Information given >>
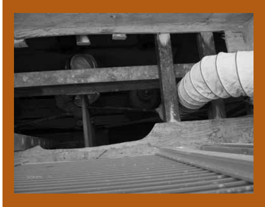
An explosion occurred at the bottom of this wet well, injuring three Posen employees.
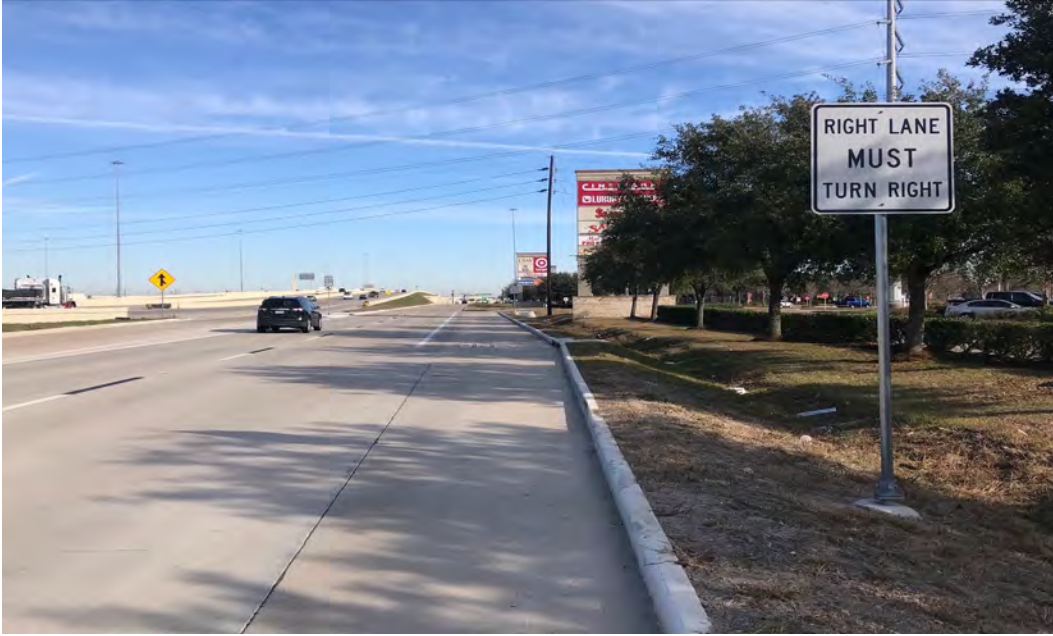
New Driveway Approach (North End)
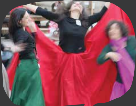
The Skirts Up Movement and Beintuitive raised their skirts to denounce an end to violence against women and girls in SPAIN and around the world
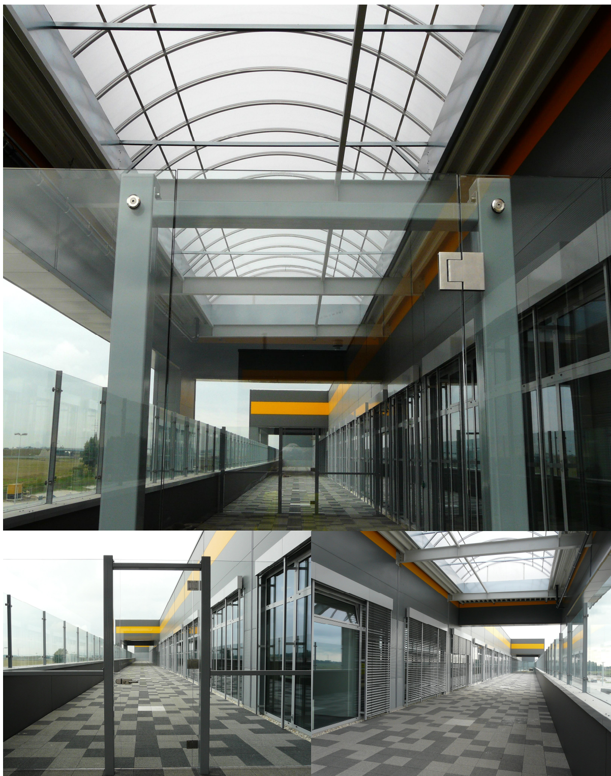
AMAZON Bielany Wrocławskie / Wrocław 2014

ul. Domaniówka 1 C, 25-413 Kielce, POLAND ul. Warszawska 49 / 44, 25-531 Kielce, POLAND
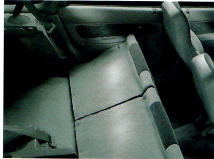
Aspire 3-Door's rear seat back (split seat backs in SE and with interior decor and convenience group) can be folded forward to accommodate stowage.
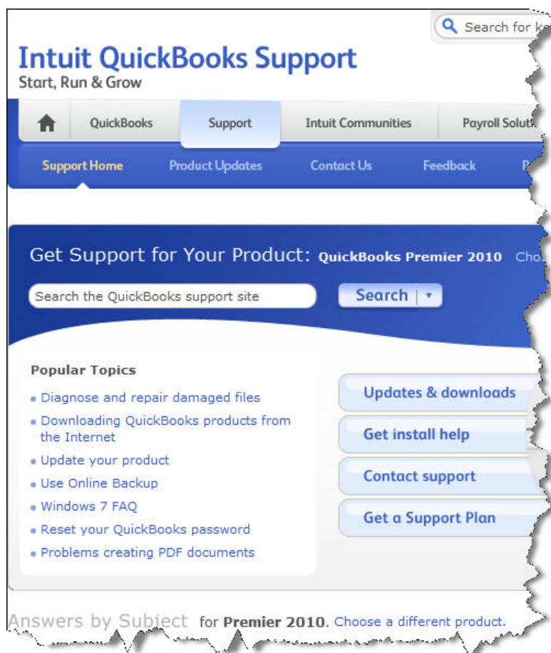
Figure 3: Intuit's online support for QuickBooks can help when you're stumped.

Intuit also hosts an in-depth online support presence. Click Help | Support to get to the main page as shown in Figure 3 . Installation, troubleshooting (with guides to error messages), company and data file management, general procedures—they're all covered there. You can search the support database or browse by topic. These and other resources are available within QuickBooks' embedded browser (you must have Internet access to reach it, as with many other features of the program – click Help | Internet Connection Setup if you're not already set up).

Assignment >> Print all the records again exactly; do not include any picture.

Answer area >>
An explosion occurred at the bottom of this wet well, injuring three Posen employees.
New Driveway Approach (North End)
The Skirts Up Movement and Beintuitive raised their skirts to denounce an end to violence against women and girls in SPAIN and around the world
AMAZON Bielany Wrocławskie / Wrocław 2014

ul. Domaniówka 1 C, 25-413 Kielce, POLAND ul. Warszawska 49 / 44, 25-531 Kielce, POLAND
Aspire 3-Door's rear seat back (split seat backs in SE and with interior decor and convenience group) can be folded forward to accommodate stowage.
Figure 3: Intuit's online support for QuickBooks can help when you're stumped.

Intuit also hosts an in-depth online support presence. Click Help | Support to get to the main page as shown in Figure 3 . Installation, troubleshooting (with guides to error messages), company and data file management, general procedures—they're all covered there. You can search the support database or browse by topic. These and other resources are available within QuickBooks' embedded browser (you must have Internet access to reach it, as with many other features of the program – click Help | Internet Connection Setup if you're not already set up).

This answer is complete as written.